Welcome to center stage, New Jersey Gov. Chris Christie.
Now that he seems to have implied an interest in running for president of the United States in 2016, the media are looking at him with intense attention to everything he says or does, or doesn’t say or do.
That’s how it goes.
http://www.washingtonpost.com/politics/christie-bridge-controversy-exposes-a-gop-rising-star-to-new-scrutiny/2014/01/11/f49dee40-7aed-11e3-b1c5-739e63e9c9a7_story.html
This is nothing new in politics. The media are trained to do this kind of thing, irrespective of party. My friends on the right can spare me the “liberal media are out to get Christie” nonsense.
I will remind them of what happened to Sen. Barack Obama when he ran for president in 2008. You’ll recall the Rev.
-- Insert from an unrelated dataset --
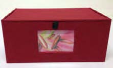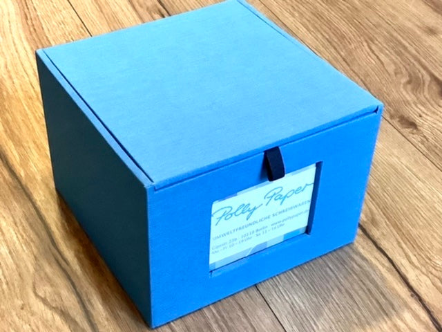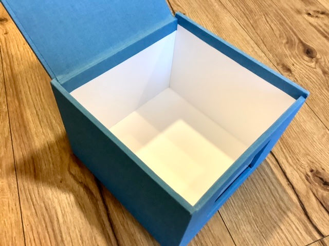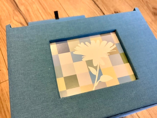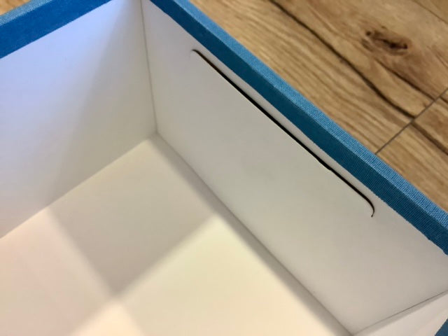 Leinenbezogene Fotobox "Lino" mit Wechselrahmen an der Vorderseite.

Jeremy Wright mess and his association with a Church of Christ pastor who said God should “damn America.” Also recall all those questions about the senator’s birth and whether he was constitutionally qualified to hold the office of president. Let us nor forget, either, the associations that young Barack had with the likes of William Ayers and other members of the infamous Weather Underground anti-Vietnam War crowd.
The media were quick to pounce all over him.
John McCain got the treatment during the 2008 campaign, as did Mitt Romney in 2012. Bill Clinton’s love life became media fodder during the 1992 campaign. Michael Dukakis and convicted murderer Willie Horton were joined at the hip — so to speak — during the 1988 campaign because of a furlough that Dukakis granted Horton while serving as governor of Massachusetts; the furlough ended tragically, if you’ll recall.
The media’s mission is to report these things, to expose candidates to the people who will decide whether they are the right fit for high office.
The bridge fiasco in New Jersey is a legitimate news story insofar as it will determine whether Chris Christie is a bully. It also might determine if he is truthful when he said he didn’t know in advance that key staffers ordered the lane closures of the world’s busiest bridge to get back at a political opponent.
The media will tell the story. It will be up to individual Americans to determine for themselves if it’s a story worth telling.
That’s the way it is, the way it’s been and the way it always will be.